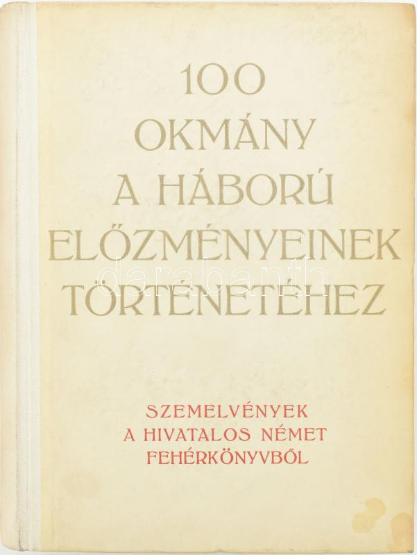 100 okmány a háború előzményeinek történetéhez. Szemelvények a hivatal... https://www.darabanth.com/en/464-Online-auction/464.0/Books/Books-History~2000086/100-okmany-a-haboru-elozmenyeinek-tortenetehez-Szemelvenyek-a-hivatalos-nemet-feherkonyvbol-Von~II3126533
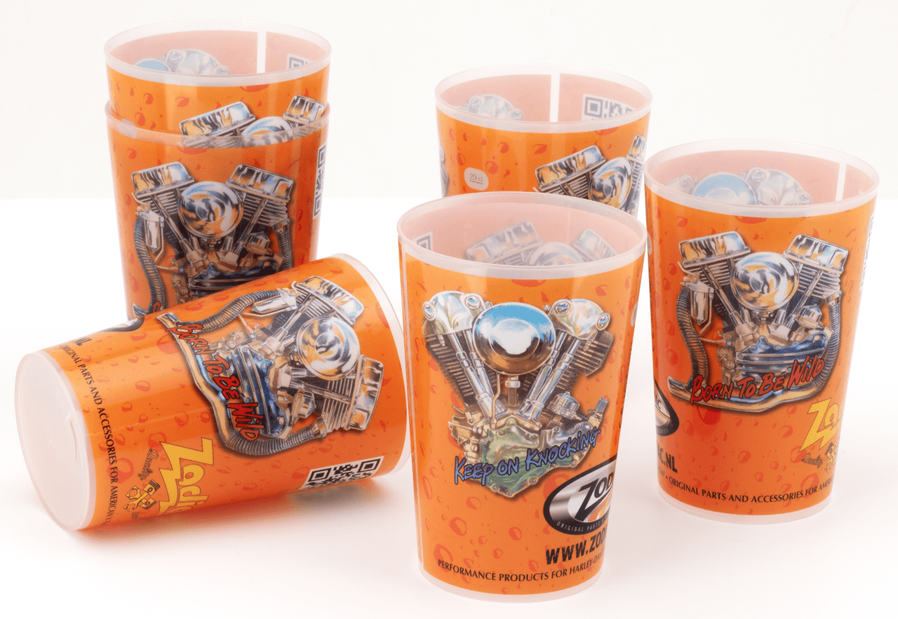 Bicchiere riutilizzabile per birra, soda, vino, caffè o tè. Realizzato in polipropilene omopolimero. Lavabile in lavastoviglie fino a 100 gradi Celsius e usabile in microonde fino a 10′ e 1.000 Watt. La tazza può contenere fino a 28cl. Ideale per giornate a porte aperte, club house, feste o il vosro garage.
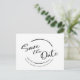 Simple et moderne noir et blanc enregistrer la date logo design design est parfait pour les couples d'aujourd'hui. La carte idéale pour envoyer un courriel à votre famille et à vos amis pour leur faire part de vos nouvelles passionnantes sur le mariage. Police de style de script informel.
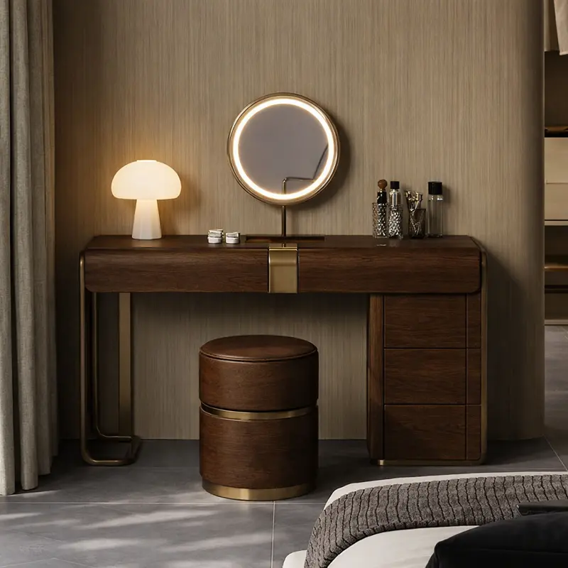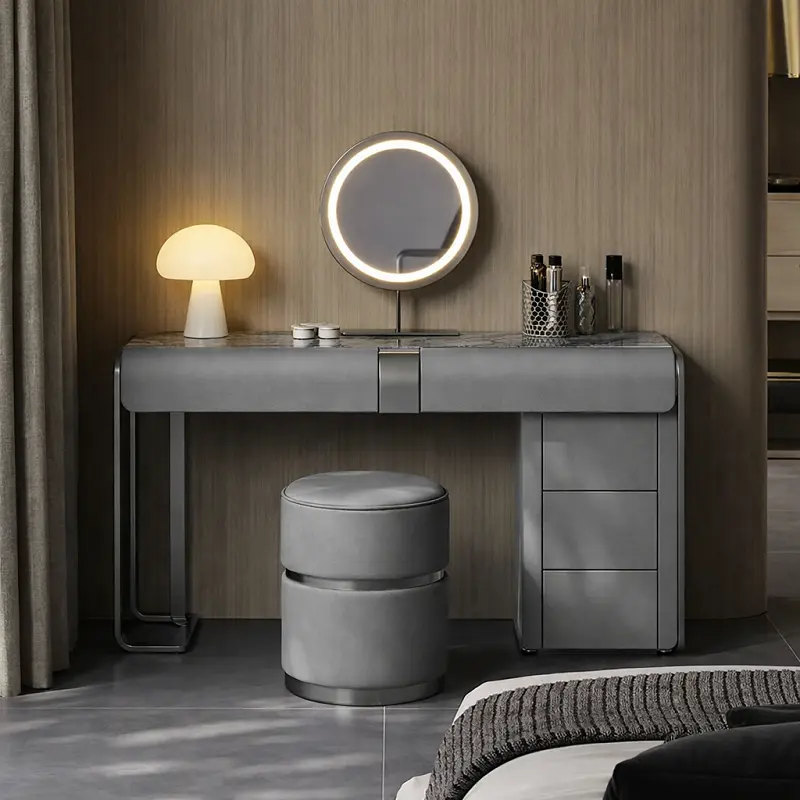 طاولة التسريحة مصنوعة من هيكل خشبي هندسي وخشب زان روماني عالي الجودة، مما يضمن متانتها وطول عمرها. تم تجهيز الطاولة بقاعدة معدنية متينة ومغطاة بالجلد الإيطالي الفاخر، مما يضفي عليها مظهراً راقياً. بفضل تصميمها العملي، يمكن تنظيفها بسهولة فقط عند الحاجة.

## Problem
The answer is to be the lines of the listing from the first through the one with "Simple et moderne", reproduced exactly, without any pictures.

## Response area
 100 okmány a háború előzményeinek történetéhez. Szemelvények a hivatal... https://www.darabanth.com/en/464-Online-auction/464.0/Books/Books-History~2000086/100-okmany-a-haboru-elozmenyeinek-tortenetehez-Szemelvenyek-a-hivatalos-nemet-feherkonyvbol-Von~II3126533
 Bicchiere riutilizzabile per birra, soda, vino, caffè o tè. Realizzato in polipropilene omopolimero. Lavabile in lavastoviglie fino a 100 gradi Celsius e usabile in microonde fino a 10′ e 1.000 Watt. La tazza può contenere fino a 28cl. Ideale per giornate a porte aperte, club house, feste o il vosro garage.
 Simple et moderne noir et blanc enregistrer la date logo design design est parfait pour les couples d'aujourd'hui. La carte idéale pour envoyer un courriel à votre famille et à vos amis pour leur faire part de vos nouvelles passionnantes sur le mariage. Police de style de script informel.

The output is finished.